Extended protection capabilities of an immature dendritic-cell targeting malaria sporozoite vaccine

Highlights

• A novel vaccine platform greatly enhances antibody responses to a malaria antigen.

• Protection against transgenic sporozoite challenge in a mouse model persists for at least 23 weeks.

• The observed protection requires only two immunizations.

Abstract

Mouse studies evaluating candidate malaria vaccines have typically examined protective efficacy over the relatively short time frames of several weeks after the final of multiple immunizations. The current study examines the protective ability in a mouse model system of a novel protein vaccine construct in which the adjuvant polyinosinic polycytidilic acid (poly(I:C)) is used in combination with a vaccine in which the immature dendritic cell targeting chemokine, macrophage inflammatory protein 3 alpha (MIP3α), is fused to the circumsporozoite protein (CSP) of Plasmodium falciparum (P. falciparum). Two vaccinations, three weeks apart, elicited extraordinarily high, MIP3α-dependent antibody responses. MIP3α was able to target the vaccine to the CCR6 receptor found predominantly on immature dendritic cells and significantly enhanced the cellular influx at the vaccination site. At three and 23 weeks after the final of two immunizations, mice were challenged by intravenous injection of 5 × 10³ transgenic Plasmodium berghei sporozoites expressing P. falciparum CSP, a challenge dose approximately one order of magnitude greater than that which is encountered after mosquito bite in the clinical setting. A ninety-seven percent reduction in liver sporozoite load was observed at both time points, 23 weeks being the last time point tested.

Introduction

Major problems encountered during the effort to develop an effective pre-erythrocytic malaria vaccine include (1) the need for three or more immunizations to obtain even short term protection in settings in which health care delivery may be problematic and (2) the inability of the vaccine to provide sustained protection over an extended period. These problems were evident in results from the large-scale clinical trial of the RTS,S/AS01 (RTS,S) malaria vaccine. In the first year following completion of the vaccination protocols, vaccine efficacy was at best 50% and this level fell to 16% over the ensuing three years [1], [2], [3].

There is clear evidence that antibody specific for the circumsporozoite protein of the pre-erythrocytic malaria sporozoite stage, at sufficient concentrations, is capable of providing sterilizing immunity against malaria infection. Protection has been demonstrated with passive administration of both monoclonal and polyclonal antibodies, as well as with immunization with adjuvanted peptide vaccines [4], [5], [6], [7], [8]. Studies in humanized mice of passively administered monoclonal antibodies developed from an individual immunized with the RTS,S vaccine concluded that the poor performance of the RTS,S vaccine in clinical trials was attributable to the 95% decline in antibody concentrations over the course of one year [8]. Of note, that rapid decline was presaged by earlier studies in mice using similar vaccine formulations [9].

One line of vaccine development efforts has focused on the use chemokines or cytokines to enhance the inflammatory infiltrate, promote binding of antigen to specific receptors or stimulate differentiation of specific subsets of immune cells [10], [11], [12], [13], [14], [15], [16], [17], [18], [19], [20]. In many instances these chemokines or cytokines were used with the goal of eliminating the need for more traditional adjuvants.

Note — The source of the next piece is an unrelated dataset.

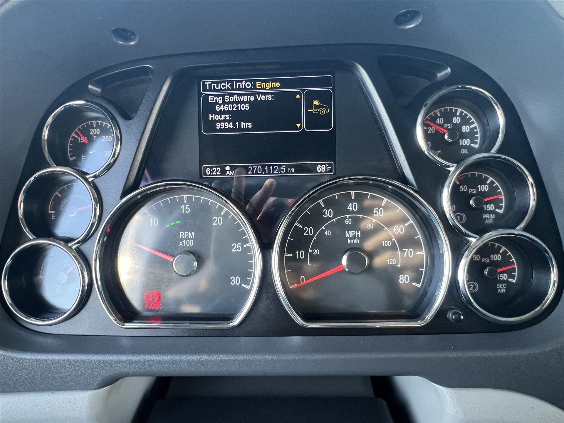 2022 Peterbilt 567 Sleeper, 80'' Raised Roof, 450hp Cummins X15, 13spd Eaton manual transmission, 13.2k front axle, 40k rears on Peterbilt Low Air Leaf suspension, 3.36 ratio, 260'' wheelbase, 245gal fuel capacity, chrome visor, chrome bumper, Holland 24'' airlside 5th wheel, Premier interior package, power windows/locks/heated mirrors |

We have previously reported on a DNA vaccine in which DNA encoding the chemokine macrophage inflammatory protein 3α, (MIP3α), also known as Chemokine (C-C motif) ligand 20 (CCL20), was fused to DNA encoding a portion of the circumsporozoite protein (CSP) of Plasmodium falciparum (P. falciparum) [21]. This vaccine construct was combined with use of the adjuvant Vaxfectin® (Vical, Inc., San Diego, CA). In a mouse challenge model, this combination yielded complete, antibody-mediated protection against bloodstream infection with transgenic sporozoites three weeks after the last of three immunizations. The enhanced protection was dependent on the presence of the MIP3α component in the vaccine construct. However, unreported follow up studies showed loss of protection three months after the last immunization.

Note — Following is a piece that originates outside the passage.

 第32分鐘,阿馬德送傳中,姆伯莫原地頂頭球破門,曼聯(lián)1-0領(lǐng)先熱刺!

In the current studies we examined the immunogenicity and extended protection capabilities of the protein formulation of this vaccine used with the adjuvant polyinosinic:polycytidylic acid (poly (I:C)). This vaccine formulation yielded significantly higher antibody responses after just two immunizations and protection against bloodstream challenge 23 weeks after the final immunization, the last time point evaluated.